## DIRECTIONS FOR THIS TASK
When you copy the data that follows, reproduce every word exactly and leave out the images.

## INFORMATION PROVIDED
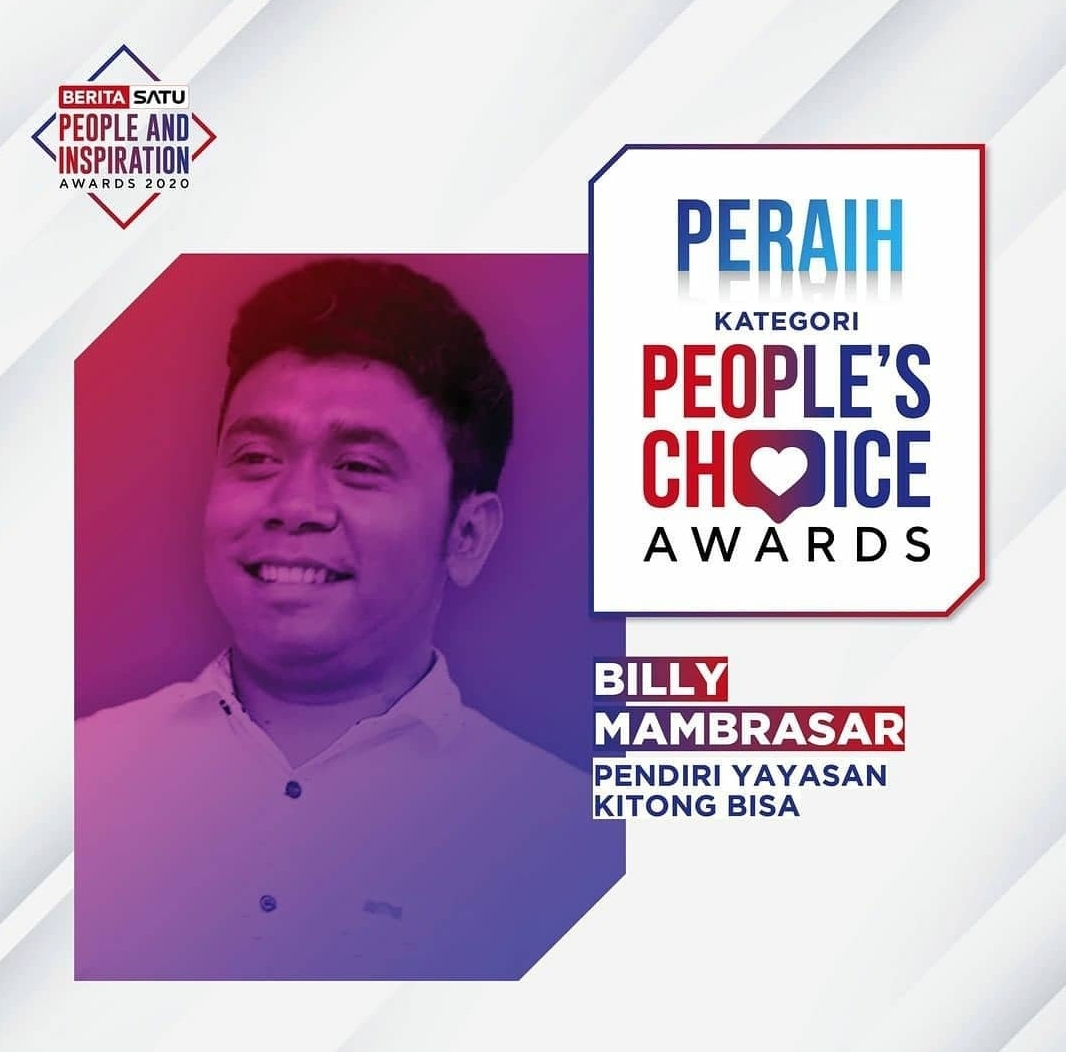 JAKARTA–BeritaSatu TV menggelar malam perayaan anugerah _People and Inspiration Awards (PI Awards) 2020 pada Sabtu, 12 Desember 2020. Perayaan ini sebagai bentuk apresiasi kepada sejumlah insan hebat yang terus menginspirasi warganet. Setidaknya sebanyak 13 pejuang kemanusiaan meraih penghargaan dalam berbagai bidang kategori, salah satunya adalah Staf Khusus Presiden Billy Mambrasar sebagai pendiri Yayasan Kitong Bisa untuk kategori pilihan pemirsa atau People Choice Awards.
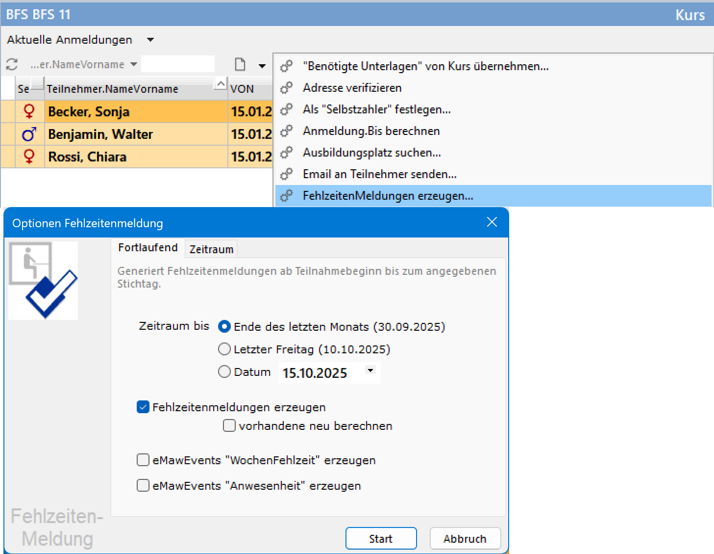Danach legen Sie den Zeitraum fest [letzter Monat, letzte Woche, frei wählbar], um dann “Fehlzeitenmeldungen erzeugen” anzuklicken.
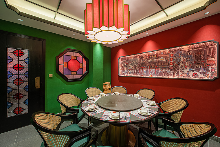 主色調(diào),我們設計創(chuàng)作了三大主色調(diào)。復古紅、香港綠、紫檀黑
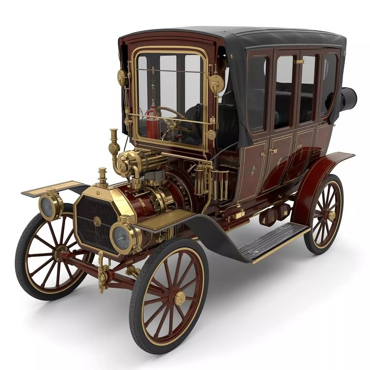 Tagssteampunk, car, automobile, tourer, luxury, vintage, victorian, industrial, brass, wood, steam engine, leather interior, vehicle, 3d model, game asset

## RESPONSE TO THIS EXERCISE
 JAKARTA–BeritaSatu TV menggelar malam perayaan anugerah _People and Inspiration Awards (PI Awards) 2020 pada Sabtu, 12 Desember 2020. Perayaan ini sebagai bentuk apresiasi kepada sejumlah insan hebat yang terus menginspirasi warganet. Setidaknya sebanyak 13 pejuang kemanusiaan meraih penghargaan dalam berbagai bidang kategori, salah satunya adalah Staf Khusus Presiden Billy Mambrasar sebagai pendiri Yayasan Kitong Bisa untuk kategori pilihan pemirsa atau People Choice Awards.
Danach legen Sie den Zeitraum fest [letzter Monat, letzte Woche, frei wählbar], um dann “Fehlzeitenmeldungen erzeugen” anzuklicken.
 主色調(diào),我們設計創(chuàng)作了三大主色調(diào)。復古紅、香港綠、紫檀黑
 Tagssteampunk, car, automobile, tourer, luxury, vintage, victorian, industrial, brass, wood, steam engine, leather interior, vehicle, 3d model, game asset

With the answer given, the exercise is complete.